# Some Recent Results on Minibatch Markov Chain Monte Carlo Methods

I have recently been working on minibatch Markov chain Monte Carlo (MCMC) methods for Bayesian posterior inference. In this post, I’d like to give a brief summary of what that means and mention two ICML papers (from 2011 and 2014) that have substantially influenced my thinking.

When we say we do “MCMC for Bayesian posterior inference,” what this typically means is that we have some dataset \(\{x_1,x_2,\ldots,x_N\}\) and a parameter of interest \(\theta \in \mathbb{R}^K\) for some \(K \ge 1\). The posterior distribution \(f(\theta)\) we wish to estimate (via sampling) is

\[f(\theta) = p(\theta \mid x_1, \ldots x_N) = \frac{p(\theta)\prod_{i=1}^Np(x_i \mid \theta)}{p(x_1, \ldots, x_N)} \propto p(\theta)\prod_{i=1}^Np(x_i \mid \theta)\]You’ll notice that we assume the data is conditionally independent given the parameter. In many cases, this is unrealistic, but most of the literature assumes this for simplicity.

After initializing \(\theta_0\), the procedure for sampling the posterior on step \(t+1\) is:

- Draw a candidate \(\theta'\)
- Compute the acceptance probability (note that the denominators of \(f\) cancel out):

- Draw \(u \sim {\rm Unif}[0,1]\), and accept if \(u < P_a\). This means setting \(\theta_{t+1} =
\theta'\). Otherwise, we set \(\theta_{t+1} = \theta_t\) and repeat this loop. This tripped me up
earlier. Just to be clear, we generate a sample \(\theta\)
*every*iteration, even if it is a repeat of the previous one.

This satisfies “detailed balance,” which roughly speaking, means that if one samples long enough, one will arrive at a stationary distribution matching the posterior, though a burn-in period and/or only using samples at regular intervals is often done in practice. The resulting collection of (correlated!) samples \(\{\theta_1, \theta_2, \ldots, \theta_T\}\) for large \(T\) can be used to compute the value of \(p(\theta \mid x_1,\ldots,x_N)\). Let’s consider a very simple example. Say \(\theta\) can take on three values: \(A\), \(B\), and \(C\). If our sampled set is \(\{A,B,B,C\}\), then since \(B\) appears two times out of four, we have \(p(\theta = B \mid x_1,\ldots,x_N) = 2/4\). The other two probabilities would naturally have \(1/4\) each according to the samples.

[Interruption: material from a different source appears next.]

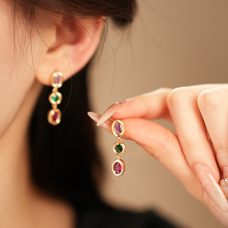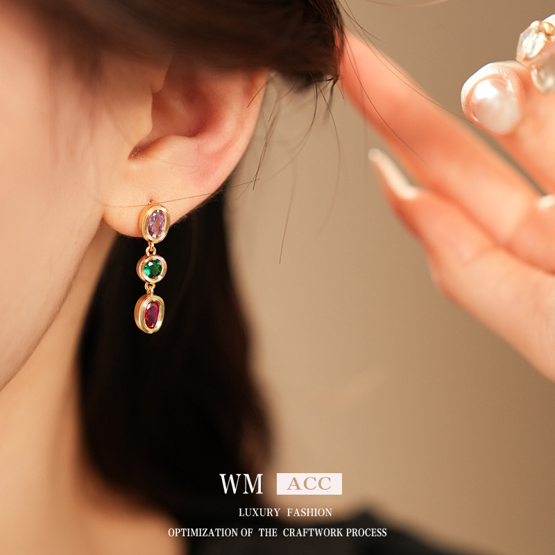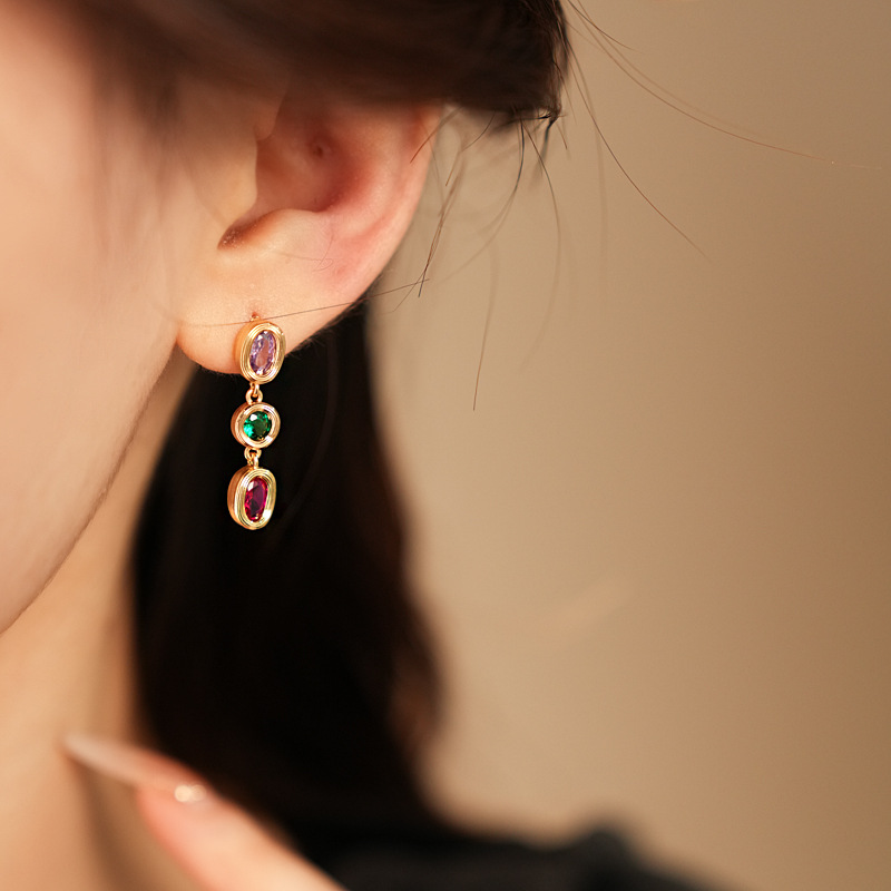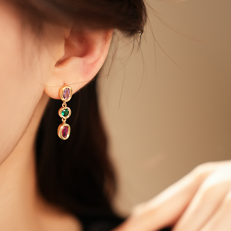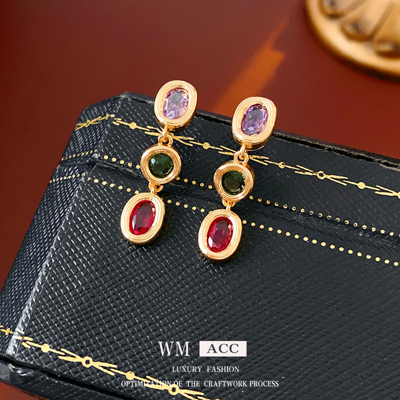 中古vintage耳环银针锆石欧美轻奢高级感耳钉时尚设计感简约耳饰
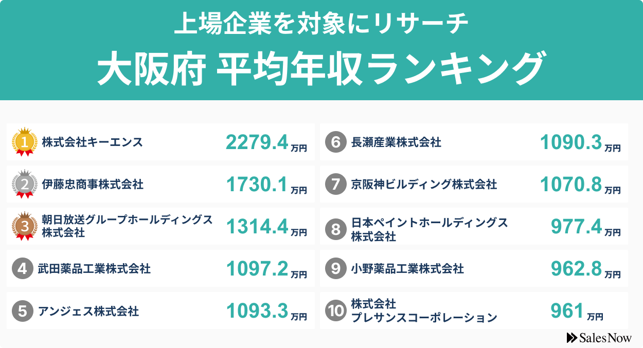 【大阪府】上場企業平均年収ランキングTOP10!/SalesNow DBレポート

One issue with the standard procedure above is that in today’s big data world with \(N\) on the
order of billions, it is ridiculously expensive to compute \(P_a\) because that involves determining
all \(N\) of the likelihood factors. Remember, this has to be done *every iteration*! Doing all this
just to get one bit of data (whether to accept or not) is not a good tradeoff. Hence, there has been
substantial research on how to perform *minibatch* MCMC on large datasets. In this case, rather than
use all \(N\) data points, we just use a subset \(n \ll N\) of points each iteration. This
approximates the target distribution. The downside? It no longer satisfies detailed balance. (I
don’t know the details on why, and it probably involves some complicated convergence studies, but I
am willing to believe it.)

Just to be clear, we are focusing on getting a *distribution*, not a point estimate. That’s the
whole purpose of Bayesian estimation! A distribution means we need a full probability function that
sums to one and is non-negative; if \(\theta\) is one or two dimensional, we can easily plot the
posterior estimate (I provide an example of this later in this post). A point estimate means finding
*one* value of \(\theta^*\), usually the “best”, which we commonly express as the maximum likelihood
estimate \(\theta^* = \theta_{\rm MLE}\).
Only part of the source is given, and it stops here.